*Work task:* Using the entries that follow, transcribe only the lines from the line with "2013年7月,東華集團(t" to the line with "Así mismo, Perú", both included, exactly as they stand and without pictures.

*Task material:*
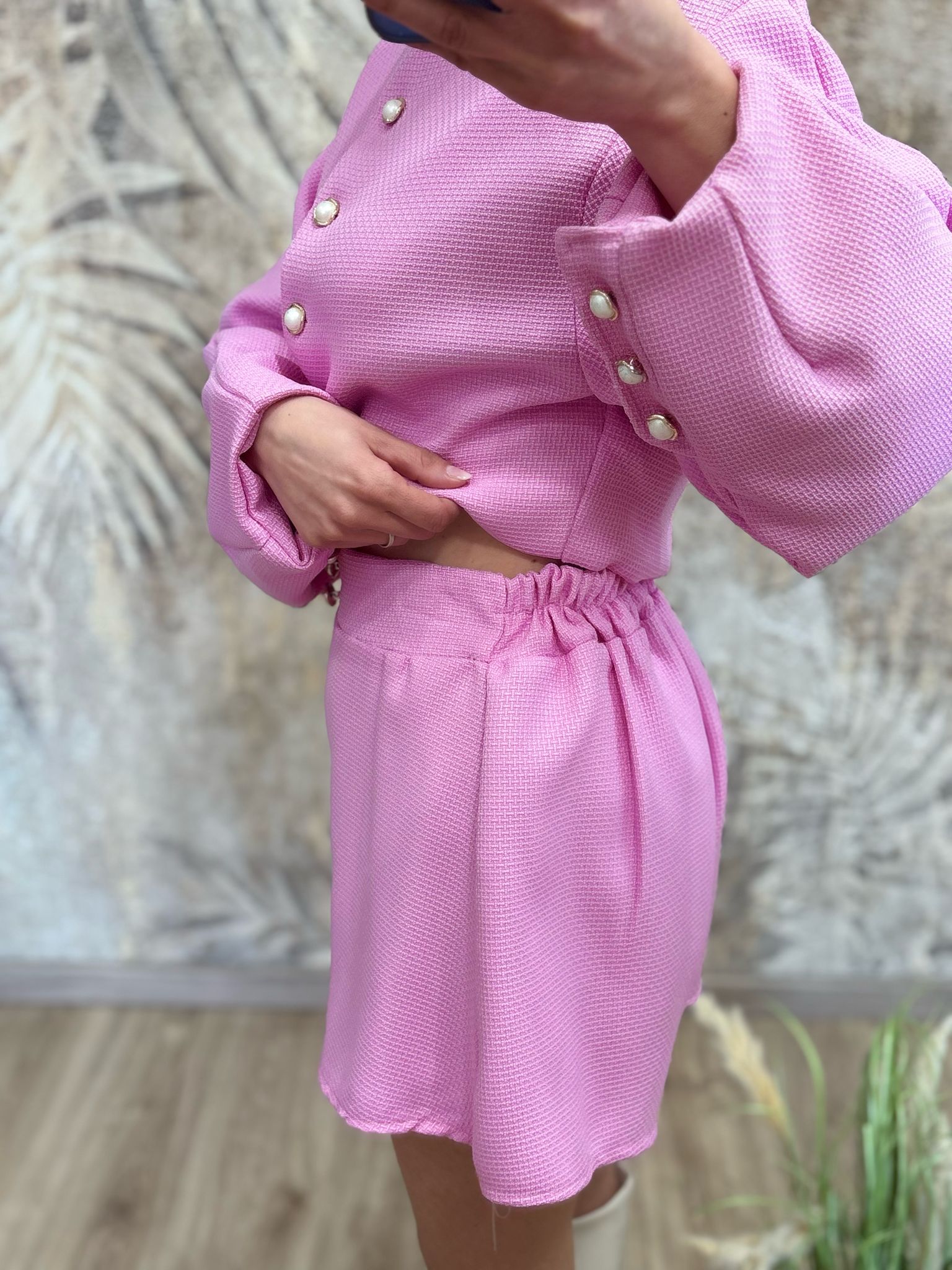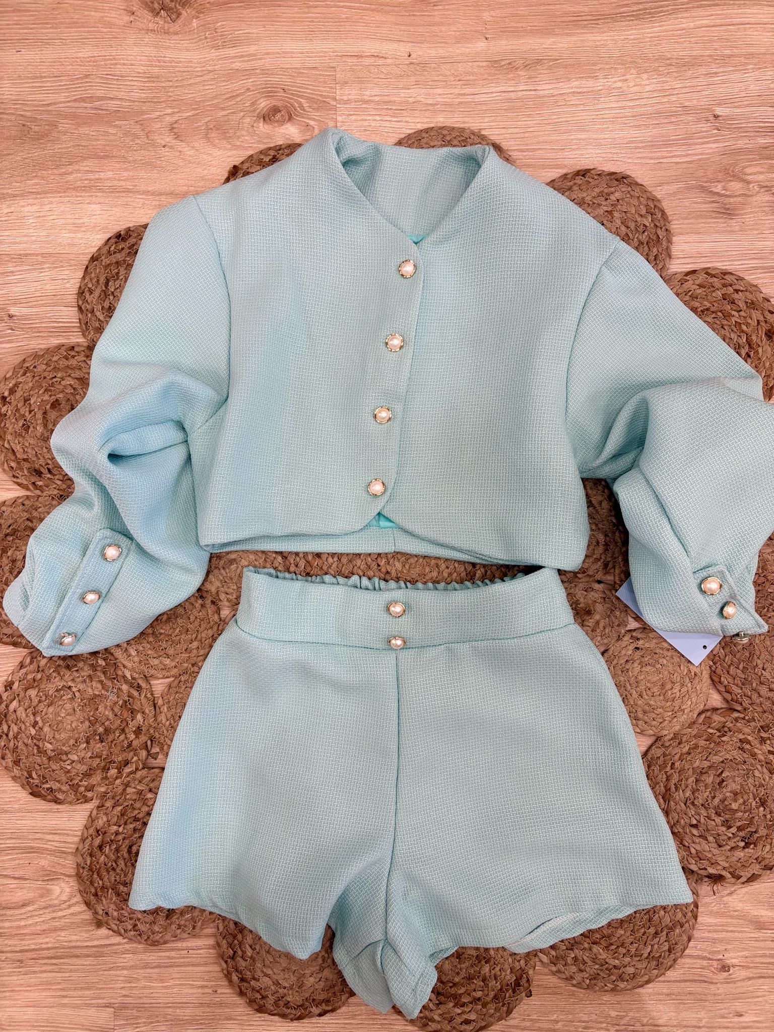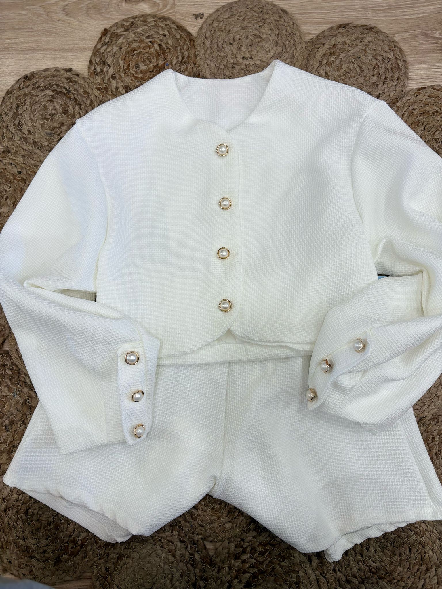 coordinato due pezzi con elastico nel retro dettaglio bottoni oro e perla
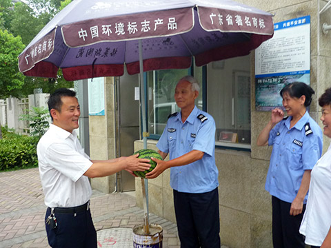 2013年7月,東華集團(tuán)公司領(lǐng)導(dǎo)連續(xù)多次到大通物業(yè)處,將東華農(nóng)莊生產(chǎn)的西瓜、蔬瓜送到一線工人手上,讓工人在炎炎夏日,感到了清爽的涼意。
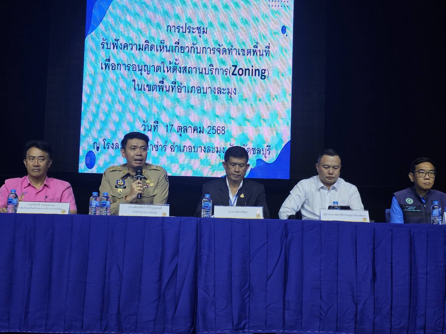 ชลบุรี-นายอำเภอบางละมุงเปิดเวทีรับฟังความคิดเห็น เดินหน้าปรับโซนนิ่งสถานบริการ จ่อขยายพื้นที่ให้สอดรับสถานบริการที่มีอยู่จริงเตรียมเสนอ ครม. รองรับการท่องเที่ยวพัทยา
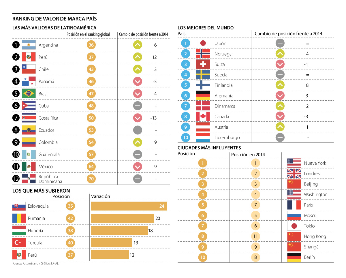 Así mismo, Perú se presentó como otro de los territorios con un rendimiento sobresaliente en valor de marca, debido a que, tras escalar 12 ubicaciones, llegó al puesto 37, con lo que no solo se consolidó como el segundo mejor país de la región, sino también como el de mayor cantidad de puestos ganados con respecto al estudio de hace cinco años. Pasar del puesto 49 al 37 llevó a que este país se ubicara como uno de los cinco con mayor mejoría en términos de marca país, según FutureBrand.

* * *

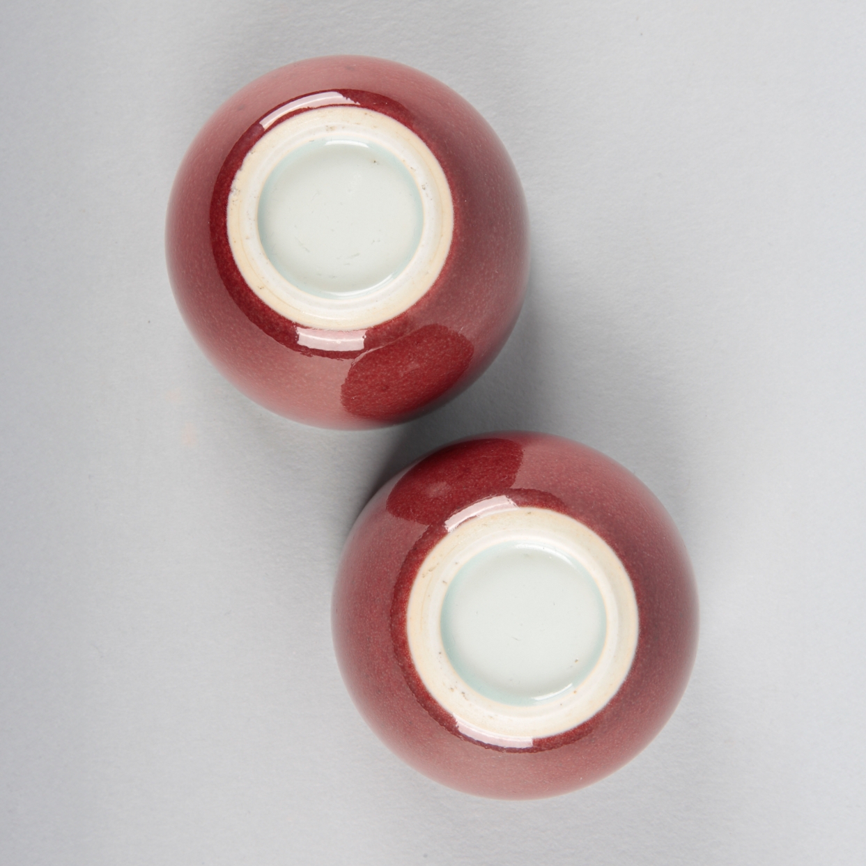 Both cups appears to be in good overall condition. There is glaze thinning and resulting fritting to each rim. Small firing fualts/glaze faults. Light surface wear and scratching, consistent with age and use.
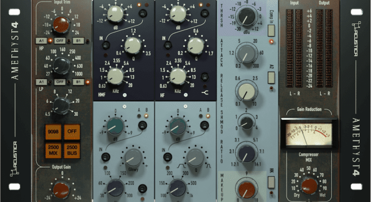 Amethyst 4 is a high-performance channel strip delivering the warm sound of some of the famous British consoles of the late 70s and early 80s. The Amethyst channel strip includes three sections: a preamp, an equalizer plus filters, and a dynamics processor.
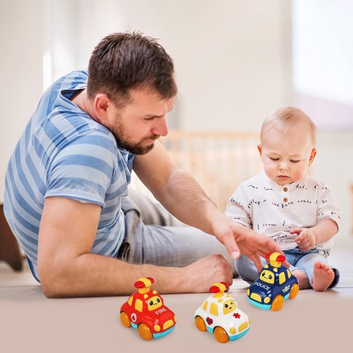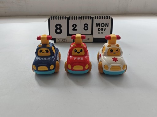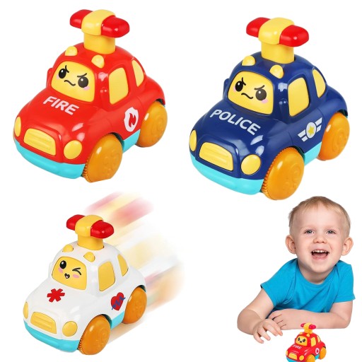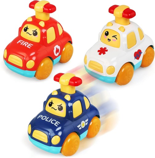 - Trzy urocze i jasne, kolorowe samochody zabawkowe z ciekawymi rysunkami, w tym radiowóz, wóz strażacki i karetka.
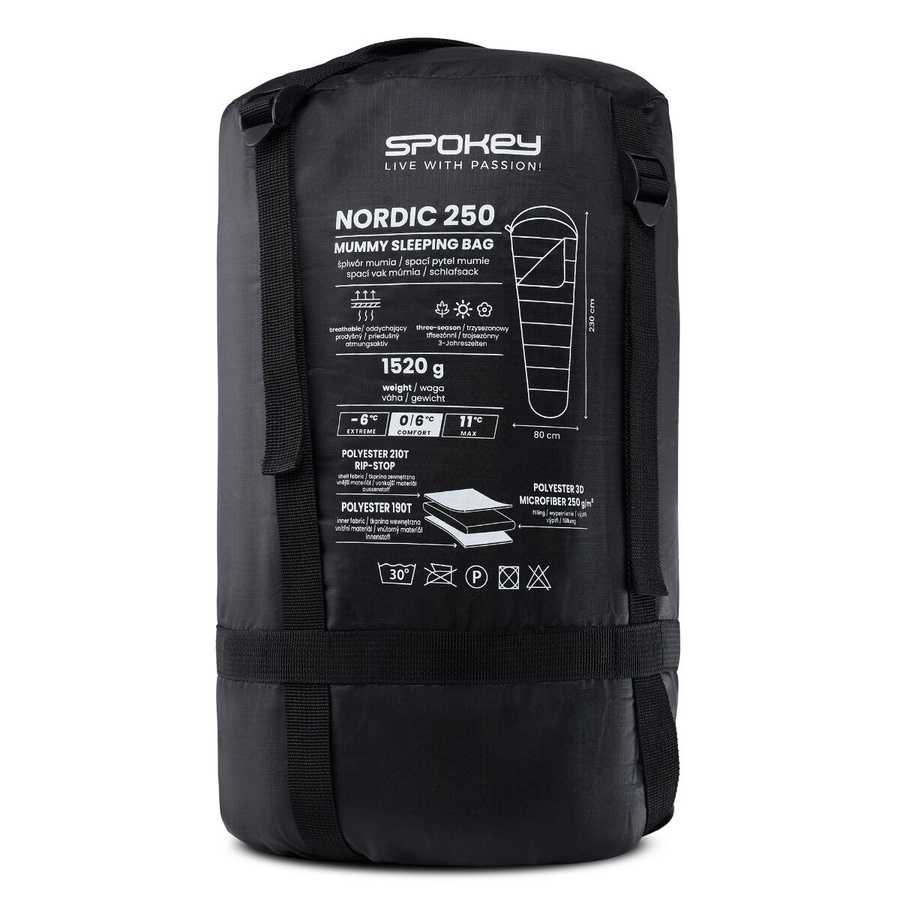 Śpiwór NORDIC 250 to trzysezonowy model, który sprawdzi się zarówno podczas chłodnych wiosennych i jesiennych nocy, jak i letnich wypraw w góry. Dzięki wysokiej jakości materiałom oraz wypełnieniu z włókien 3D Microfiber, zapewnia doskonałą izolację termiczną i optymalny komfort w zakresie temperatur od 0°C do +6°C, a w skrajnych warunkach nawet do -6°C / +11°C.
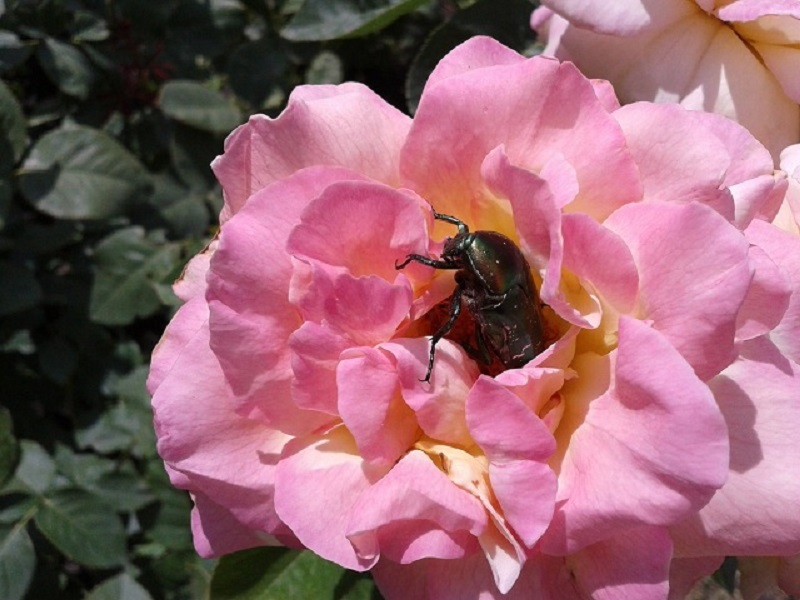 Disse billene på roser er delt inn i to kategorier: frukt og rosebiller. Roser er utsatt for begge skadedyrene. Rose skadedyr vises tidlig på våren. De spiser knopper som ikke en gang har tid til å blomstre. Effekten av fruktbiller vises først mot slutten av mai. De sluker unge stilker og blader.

...

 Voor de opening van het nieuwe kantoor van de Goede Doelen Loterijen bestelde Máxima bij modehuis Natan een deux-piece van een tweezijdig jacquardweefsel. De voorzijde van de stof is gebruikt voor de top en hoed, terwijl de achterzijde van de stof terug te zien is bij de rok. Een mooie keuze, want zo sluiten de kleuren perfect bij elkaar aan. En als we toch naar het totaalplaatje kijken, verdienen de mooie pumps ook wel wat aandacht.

*Response area:*
 2013年7月,東華集團(tuán)公司領(lǐng)導(dǎo)連續(xù)多次到大通物業(yè)處,將東華農(nóng)莊生產(chǎn)的西瓜、蔬瓜送到一線工人手上,讓工人在炎炎夏日,感到了清爽的涼意。
 ชลบุรี-นายอำเภอบางละมุงเปิดเวทีรับฟังความคิดเห็น เดินหน้าปรับโซนนิ่งสถานบริการ จ่อขยายพื้นที่ให้สอดรับสถานบริการที่มีอยู่จริงเตรียมเสนอ ครม. รองรับการท่องเที่ยวพัทยา
 Así mismo, Perú se presentó como otro de los territorios con un rendimiento sobresaliente en valor de marca, debido a que, tras escalar 12 ubicaciones, llegó al puesto 37, con lo que no solo se consolidó como el segundo mejor país de la región, sino también como el de mayor cantidad de puestos ganados con respecto al estudio de hace cinco años. Pasar del puesto 49 al 37 llevó a que este país se ubicara como uno de los cinco con mayor mejoría en términos de marca país, según FutureBrand.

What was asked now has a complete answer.